[Data for analysis — start]

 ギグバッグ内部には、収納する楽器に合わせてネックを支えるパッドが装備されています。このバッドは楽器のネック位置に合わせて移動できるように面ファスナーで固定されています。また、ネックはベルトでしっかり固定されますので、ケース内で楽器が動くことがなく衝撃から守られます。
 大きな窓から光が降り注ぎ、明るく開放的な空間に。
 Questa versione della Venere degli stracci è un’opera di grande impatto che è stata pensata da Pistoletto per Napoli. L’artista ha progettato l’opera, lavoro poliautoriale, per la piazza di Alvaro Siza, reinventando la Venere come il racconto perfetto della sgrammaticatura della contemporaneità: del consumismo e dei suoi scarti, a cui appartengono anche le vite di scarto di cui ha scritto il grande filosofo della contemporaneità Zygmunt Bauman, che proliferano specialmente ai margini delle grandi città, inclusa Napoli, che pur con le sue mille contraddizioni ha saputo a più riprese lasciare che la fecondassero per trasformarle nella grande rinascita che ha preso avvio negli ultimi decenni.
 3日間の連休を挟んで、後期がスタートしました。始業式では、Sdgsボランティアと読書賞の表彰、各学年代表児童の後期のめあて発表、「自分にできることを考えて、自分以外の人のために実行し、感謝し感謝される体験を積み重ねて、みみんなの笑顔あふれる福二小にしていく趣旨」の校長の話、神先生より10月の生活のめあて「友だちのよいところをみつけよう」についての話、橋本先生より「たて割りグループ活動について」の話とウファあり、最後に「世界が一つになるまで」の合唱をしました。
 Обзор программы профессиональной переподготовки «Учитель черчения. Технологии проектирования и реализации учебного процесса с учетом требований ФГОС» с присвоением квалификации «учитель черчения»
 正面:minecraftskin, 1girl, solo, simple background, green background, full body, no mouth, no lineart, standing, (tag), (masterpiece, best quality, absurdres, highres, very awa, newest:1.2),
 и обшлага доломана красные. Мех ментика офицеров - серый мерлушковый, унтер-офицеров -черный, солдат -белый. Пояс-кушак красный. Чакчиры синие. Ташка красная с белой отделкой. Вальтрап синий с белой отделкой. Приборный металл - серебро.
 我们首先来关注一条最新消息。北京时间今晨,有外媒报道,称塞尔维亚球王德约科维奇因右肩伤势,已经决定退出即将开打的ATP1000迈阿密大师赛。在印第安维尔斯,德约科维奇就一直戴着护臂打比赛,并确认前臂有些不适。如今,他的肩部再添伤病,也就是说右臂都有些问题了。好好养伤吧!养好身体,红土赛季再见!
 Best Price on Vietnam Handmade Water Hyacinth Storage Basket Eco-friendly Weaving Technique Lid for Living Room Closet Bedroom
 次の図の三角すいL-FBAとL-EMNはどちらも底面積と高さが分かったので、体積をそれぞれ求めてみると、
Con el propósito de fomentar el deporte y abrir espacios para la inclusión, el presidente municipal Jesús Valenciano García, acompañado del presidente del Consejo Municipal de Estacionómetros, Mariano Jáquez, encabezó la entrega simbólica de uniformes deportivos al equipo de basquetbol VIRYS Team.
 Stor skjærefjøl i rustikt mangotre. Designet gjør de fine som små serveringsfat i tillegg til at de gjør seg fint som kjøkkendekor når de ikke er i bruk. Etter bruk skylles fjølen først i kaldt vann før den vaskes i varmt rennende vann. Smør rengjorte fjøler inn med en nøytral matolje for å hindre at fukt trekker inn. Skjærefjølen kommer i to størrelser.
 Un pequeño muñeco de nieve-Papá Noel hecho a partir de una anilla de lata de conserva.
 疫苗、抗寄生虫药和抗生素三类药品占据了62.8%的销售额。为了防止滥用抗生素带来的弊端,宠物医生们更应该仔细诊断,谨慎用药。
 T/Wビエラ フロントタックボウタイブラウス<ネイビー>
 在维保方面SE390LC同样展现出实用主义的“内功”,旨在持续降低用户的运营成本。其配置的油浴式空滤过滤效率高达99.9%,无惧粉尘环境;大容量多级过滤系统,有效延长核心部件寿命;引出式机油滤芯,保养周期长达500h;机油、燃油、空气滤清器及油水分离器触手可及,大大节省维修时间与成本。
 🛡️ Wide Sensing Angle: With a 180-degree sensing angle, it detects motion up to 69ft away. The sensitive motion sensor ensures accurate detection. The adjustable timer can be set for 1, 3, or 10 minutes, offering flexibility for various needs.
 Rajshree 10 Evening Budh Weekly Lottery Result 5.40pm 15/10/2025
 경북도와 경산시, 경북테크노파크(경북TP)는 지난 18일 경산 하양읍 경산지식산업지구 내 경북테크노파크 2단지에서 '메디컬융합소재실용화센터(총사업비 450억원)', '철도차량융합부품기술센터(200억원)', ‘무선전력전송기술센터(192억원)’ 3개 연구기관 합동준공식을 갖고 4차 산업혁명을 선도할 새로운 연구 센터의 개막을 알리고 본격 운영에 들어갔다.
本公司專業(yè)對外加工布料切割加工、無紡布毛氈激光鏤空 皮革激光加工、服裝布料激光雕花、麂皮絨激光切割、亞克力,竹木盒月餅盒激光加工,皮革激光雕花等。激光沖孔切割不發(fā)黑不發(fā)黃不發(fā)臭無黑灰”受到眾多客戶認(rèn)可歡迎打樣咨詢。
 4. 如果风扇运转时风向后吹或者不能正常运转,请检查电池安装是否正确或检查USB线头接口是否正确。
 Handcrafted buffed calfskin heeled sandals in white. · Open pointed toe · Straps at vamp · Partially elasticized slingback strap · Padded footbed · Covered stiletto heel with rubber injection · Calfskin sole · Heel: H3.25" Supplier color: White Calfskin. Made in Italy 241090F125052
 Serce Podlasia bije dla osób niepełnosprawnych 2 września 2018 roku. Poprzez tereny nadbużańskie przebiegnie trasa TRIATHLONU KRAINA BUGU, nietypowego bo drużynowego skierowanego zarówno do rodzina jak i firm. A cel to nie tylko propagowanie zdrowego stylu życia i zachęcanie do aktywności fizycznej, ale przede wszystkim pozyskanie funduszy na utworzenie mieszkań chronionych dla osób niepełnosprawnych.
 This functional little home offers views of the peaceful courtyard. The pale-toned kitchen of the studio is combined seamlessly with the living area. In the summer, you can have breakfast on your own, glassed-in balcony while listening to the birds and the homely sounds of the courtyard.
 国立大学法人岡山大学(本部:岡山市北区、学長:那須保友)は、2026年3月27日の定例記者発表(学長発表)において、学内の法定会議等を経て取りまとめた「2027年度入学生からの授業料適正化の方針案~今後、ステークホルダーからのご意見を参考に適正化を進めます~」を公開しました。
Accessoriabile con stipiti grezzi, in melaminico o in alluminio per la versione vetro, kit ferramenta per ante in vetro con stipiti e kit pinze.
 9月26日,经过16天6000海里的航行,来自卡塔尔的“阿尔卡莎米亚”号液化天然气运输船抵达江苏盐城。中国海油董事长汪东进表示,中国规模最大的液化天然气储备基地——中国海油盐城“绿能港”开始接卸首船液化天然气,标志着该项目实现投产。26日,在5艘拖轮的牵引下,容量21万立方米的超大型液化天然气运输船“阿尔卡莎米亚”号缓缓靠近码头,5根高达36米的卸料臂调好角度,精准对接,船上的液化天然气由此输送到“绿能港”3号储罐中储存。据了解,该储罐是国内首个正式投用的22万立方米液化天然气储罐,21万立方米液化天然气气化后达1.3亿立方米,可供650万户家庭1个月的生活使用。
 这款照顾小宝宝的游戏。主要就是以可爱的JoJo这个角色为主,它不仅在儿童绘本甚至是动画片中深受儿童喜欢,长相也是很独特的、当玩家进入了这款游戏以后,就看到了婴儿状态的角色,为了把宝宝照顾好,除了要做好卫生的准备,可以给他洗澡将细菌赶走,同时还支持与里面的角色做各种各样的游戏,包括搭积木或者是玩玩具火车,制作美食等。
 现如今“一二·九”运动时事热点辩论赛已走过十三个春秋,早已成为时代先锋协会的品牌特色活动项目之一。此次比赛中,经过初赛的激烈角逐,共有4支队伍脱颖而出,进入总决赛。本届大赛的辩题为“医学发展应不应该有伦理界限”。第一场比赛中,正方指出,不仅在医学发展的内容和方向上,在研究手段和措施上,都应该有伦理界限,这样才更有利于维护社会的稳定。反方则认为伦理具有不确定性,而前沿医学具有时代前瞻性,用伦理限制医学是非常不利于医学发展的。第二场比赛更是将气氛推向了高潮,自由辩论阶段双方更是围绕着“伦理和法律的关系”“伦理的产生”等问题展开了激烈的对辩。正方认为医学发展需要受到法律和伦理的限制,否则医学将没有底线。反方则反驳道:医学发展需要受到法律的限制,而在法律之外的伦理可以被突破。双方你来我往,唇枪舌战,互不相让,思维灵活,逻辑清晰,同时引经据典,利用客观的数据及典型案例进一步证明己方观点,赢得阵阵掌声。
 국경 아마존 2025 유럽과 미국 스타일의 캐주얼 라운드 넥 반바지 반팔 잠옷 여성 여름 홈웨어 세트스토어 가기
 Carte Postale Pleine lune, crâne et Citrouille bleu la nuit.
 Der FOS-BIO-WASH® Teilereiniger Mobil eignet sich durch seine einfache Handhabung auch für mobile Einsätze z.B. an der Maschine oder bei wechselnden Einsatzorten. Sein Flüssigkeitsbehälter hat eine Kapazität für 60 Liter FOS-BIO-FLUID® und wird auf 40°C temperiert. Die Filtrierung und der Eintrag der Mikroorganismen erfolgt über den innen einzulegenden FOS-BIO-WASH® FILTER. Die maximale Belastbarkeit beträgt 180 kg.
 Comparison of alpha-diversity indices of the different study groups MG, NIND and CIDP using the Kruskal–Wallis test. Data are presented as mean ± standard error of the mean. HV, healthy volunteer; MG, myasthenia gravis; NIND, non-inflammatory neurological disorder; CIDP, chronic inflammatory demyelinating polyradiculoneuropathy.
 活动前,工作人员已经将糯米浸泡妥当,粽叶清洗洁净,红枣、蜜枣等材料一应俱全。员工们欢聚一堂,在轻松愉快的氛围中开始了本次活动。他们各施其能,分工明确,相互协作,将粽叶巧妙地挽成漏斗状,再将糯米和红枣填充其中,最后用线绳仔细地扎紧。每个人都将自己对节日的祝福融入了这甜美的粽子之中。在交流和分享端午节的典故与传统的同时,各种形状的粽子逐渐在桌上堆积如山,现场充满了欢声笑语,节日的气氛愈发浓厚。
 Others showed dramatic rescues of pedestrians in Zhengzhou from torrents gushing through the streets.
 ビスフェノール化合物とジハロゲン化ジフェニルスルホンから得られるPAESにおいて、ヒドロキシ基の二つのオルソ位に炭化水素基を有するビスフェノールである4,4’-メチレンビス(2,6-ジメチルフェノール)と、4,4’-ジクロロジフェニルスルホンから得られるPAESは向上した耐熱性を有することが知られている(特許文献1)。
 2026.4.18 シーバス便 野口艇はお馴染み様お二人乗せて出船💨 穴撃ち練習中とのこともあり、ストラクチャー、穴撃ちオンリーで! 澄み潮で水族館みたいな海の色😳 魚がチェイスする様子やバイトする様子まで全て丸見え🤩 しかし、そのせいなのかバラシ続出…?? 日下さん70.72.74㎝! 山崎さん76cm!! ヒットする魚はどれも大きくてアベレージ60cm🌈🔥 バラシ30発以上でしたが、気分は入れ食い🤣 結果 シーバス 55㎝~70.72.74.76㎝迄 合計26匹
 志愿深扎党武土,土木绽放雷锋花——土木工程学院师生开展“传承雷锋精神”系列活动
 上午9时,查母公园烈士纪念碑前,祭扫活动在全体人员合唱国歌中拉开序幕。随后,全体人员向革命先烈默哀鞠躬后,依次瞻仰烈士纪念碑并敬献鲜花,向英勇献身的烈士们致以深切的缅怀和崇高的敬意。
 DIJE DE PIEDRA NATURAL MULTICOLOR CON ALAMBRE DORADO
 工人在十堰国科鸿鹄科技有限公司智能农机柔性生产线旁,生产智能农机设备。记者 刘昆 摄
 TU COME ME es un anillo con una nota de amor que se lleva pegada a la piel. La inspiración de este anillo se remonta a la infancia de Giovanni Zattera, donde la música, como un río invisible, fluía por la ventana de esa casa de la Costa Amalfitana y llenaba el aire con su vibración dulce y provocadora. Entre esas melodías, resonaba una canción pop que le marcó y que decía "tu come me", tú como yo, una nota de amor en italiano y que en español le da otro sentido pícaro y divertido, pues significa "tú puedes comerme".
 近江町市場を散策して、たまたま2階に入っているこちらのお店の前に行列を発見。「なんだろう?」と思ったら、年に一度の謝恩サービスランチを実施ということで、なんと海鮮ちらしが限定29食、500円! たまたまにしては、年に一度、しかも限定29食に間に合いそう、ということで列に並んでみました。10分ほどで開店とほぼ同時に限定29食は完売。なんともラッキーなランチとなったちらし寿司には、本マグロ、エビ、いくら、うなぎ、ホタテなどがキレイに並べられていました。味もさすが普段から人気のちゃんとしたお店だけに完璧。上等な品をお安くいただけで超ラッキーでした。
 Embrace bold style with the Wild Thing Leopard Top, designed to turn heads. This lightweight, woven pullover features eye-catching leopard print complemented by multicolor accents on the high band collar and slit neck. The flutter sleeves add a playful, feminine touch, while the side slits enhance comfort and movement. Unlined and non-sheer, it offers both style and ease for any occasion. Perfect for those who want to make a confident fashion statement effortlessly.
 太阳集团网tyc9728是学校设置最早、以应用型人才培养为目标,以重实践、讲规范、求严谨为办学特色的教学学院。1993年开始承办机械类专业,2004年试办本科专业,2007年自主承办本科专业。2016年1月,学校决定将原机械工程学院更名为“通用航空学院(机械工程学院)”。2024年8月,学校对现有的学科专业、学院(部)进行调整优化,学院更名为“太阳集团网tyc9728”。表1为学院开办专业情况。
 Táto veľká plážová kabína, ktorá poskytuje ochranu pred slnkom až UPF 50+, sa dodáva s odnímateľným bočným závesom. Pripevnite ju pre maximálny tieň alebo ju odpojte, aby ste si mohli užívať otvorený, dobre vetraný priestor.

[Data for analysis — finish]

Your task is to gather all lines from the entries above that hold the word "versione".

 Questa versione della Venere degli stracci è un’opera di grande impatto che è stata pensata da Pistoletto per Napoli. L’artista ha progettato l’opera, lavoro poliautoriale, per la piazza di Alvaro Siza, reinventando la Venere come il racconto perfetto della sgrammaticatura della contemporaneità: del consumismo e dei suoi scarti, a cui appartengono anche le vite di scarto di cui ha scritto il grande filosofo della contemporaneità Zygmunt Bauman, che proliferano specialmente ai margini delle grandi città, inclusa Napoli, che pur con le sue mille contraddizioni ha saputo a più riprese lasciare che la fecondassero per trasformarle nella grande rinascita che ha preso avvio negli ultimi decenni.
Accessoriabile con stipiti grezzi, in melaminico o in alluminio per la versione vetro, kit ferramenta per ante in vetro con stipiti e kit pinze.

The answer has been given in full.